▶ **Task statement**
Everything from the line with "다리를 건너 좌측 차도를" to the line with "ウエストゴム幾何学柄Aラインニットスカート 06-2969" in the listing below, both lines included, needs to be copied exactly, apart from the pictures.

====== Entries supplied

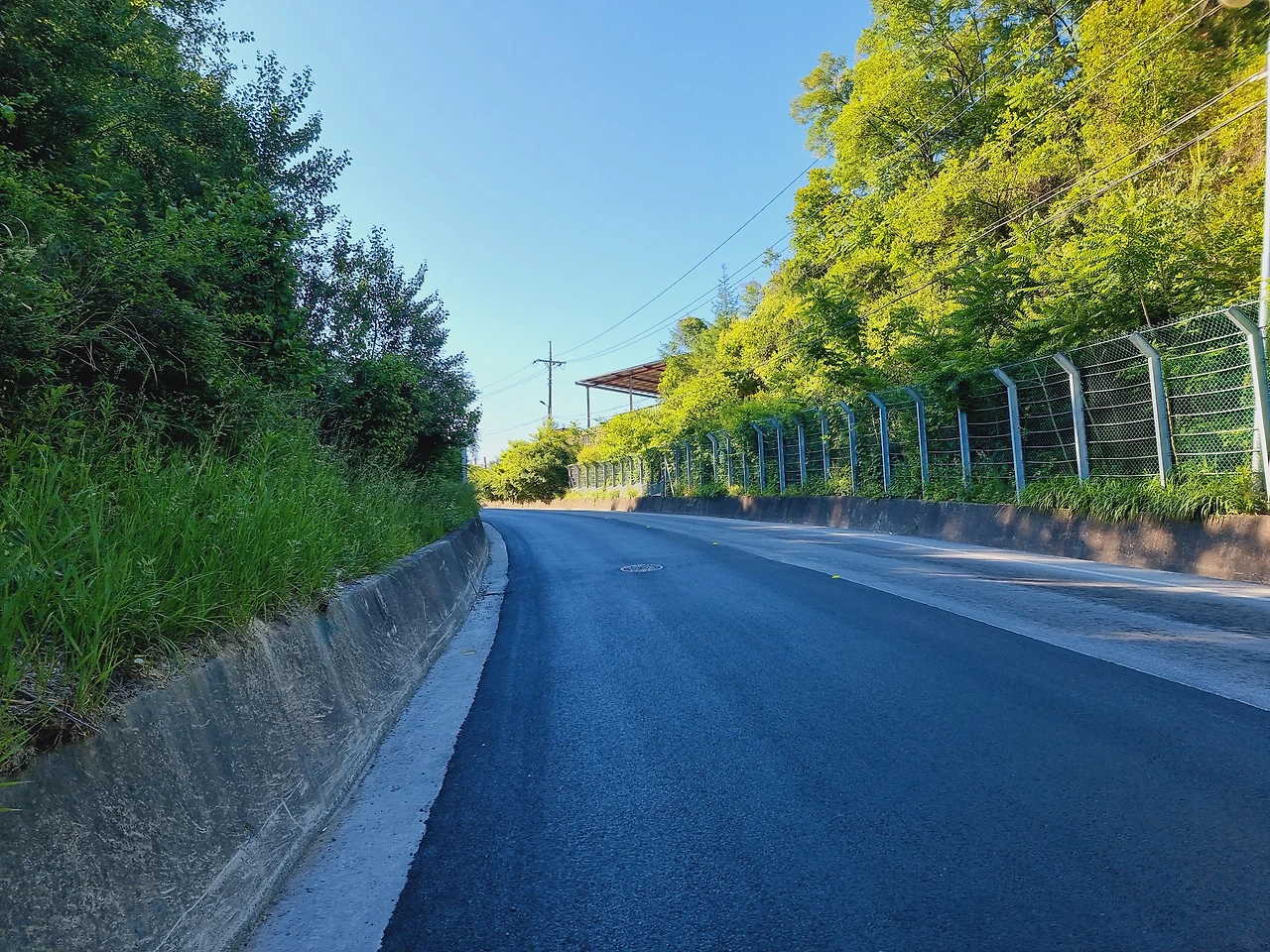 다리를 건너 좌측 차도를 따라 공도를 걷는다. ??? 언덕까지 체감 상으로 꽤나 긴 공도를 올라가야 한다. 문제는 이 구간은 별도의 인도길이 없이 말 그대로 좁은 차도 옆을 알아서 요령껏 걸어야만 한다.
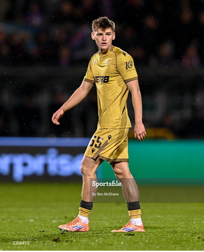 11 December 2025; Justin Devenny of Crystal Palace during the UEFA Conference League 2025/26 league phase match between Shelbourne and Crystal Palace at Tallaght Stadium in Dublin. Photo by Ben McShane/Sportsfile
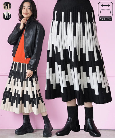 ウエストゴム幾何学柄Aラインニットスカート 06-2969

============
====== Entries supplied

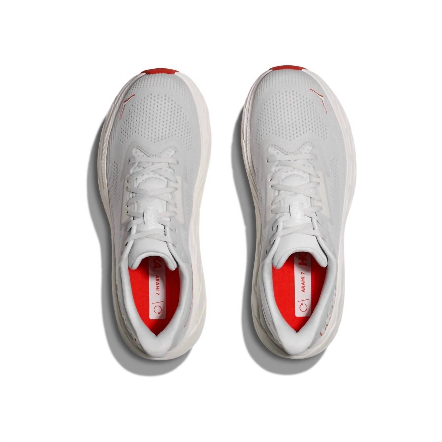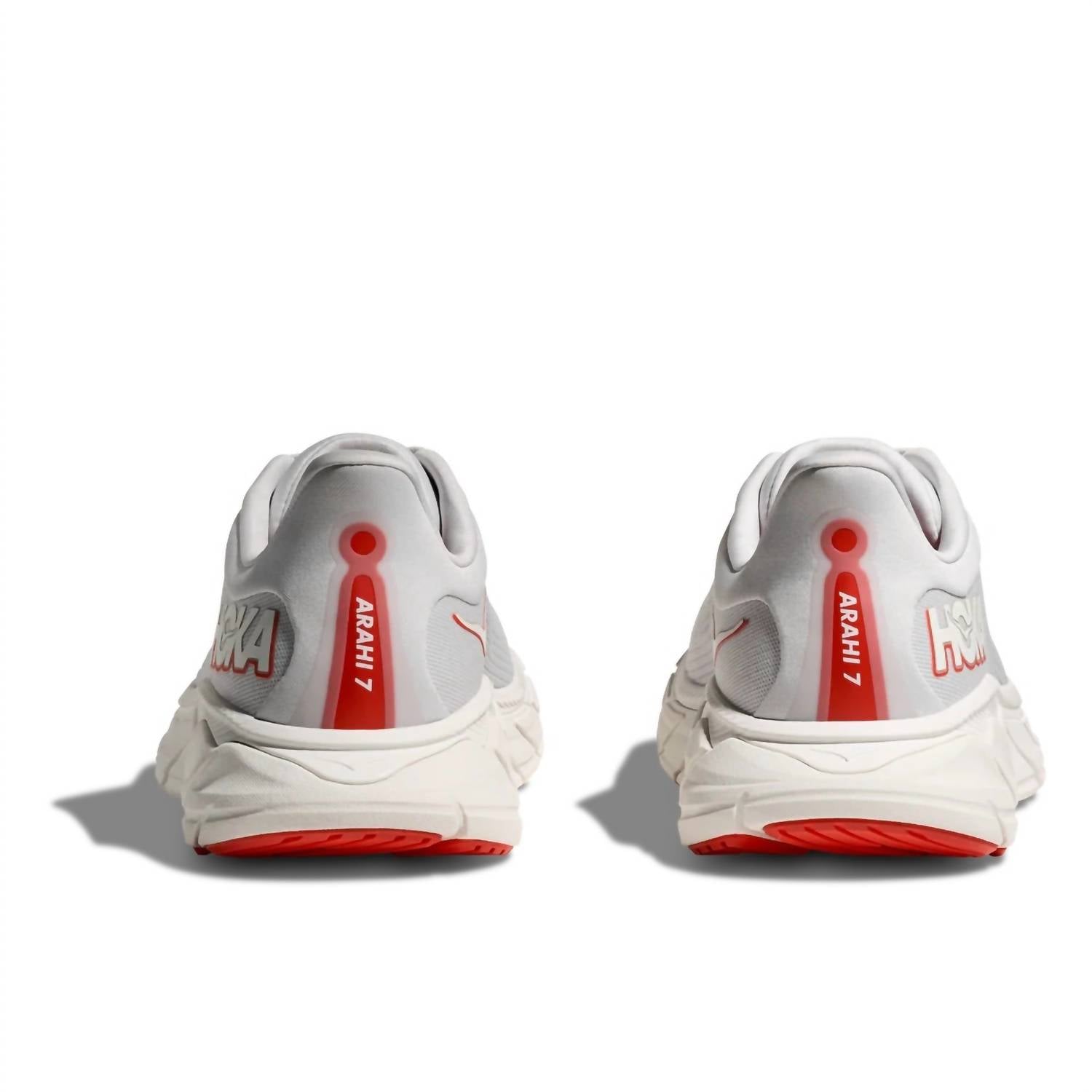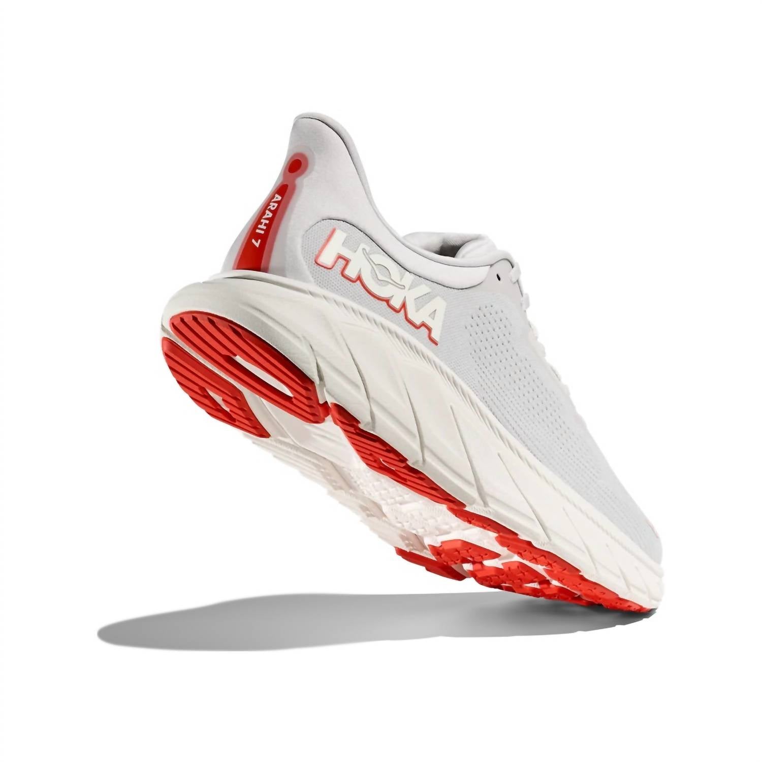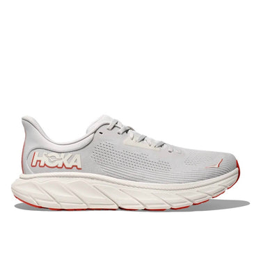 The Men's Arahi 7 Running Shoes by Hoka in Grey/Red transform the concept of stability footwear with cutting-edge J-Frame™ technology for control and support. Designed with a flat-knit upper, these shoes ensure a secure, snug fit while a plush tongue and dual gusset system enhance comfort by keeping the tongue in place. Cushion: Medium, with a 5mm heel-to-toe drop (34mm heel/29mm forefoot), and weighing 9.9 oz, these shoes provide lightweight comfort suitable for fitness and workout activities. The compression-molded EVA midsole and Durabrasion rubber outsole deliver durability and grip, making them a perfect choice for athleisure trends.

============

▶ **Written solution**
 다리를 건너 좌측 차도를 따라 공도를 걷는다. ??? 언덕까지 체감 상으로 꽤나 긴 공도를 올라가야 한다. 문제는 이 구간은 별도의 인도길이 없이 말 그대로 좁은 차도 옆을 알아서 요령껏 걸어야만 한다.
 11 December 2025; Justin Devenny of Crystal Palace during the UEFA Conference League 2025/26 league phase match between Shelbourne and Crystal Palace at Tallaght Stadium in Dublin. Photo by Ben McShane/Sportsfile
 ウエストゴム幾何学柄Aラインニットスカート 06-2969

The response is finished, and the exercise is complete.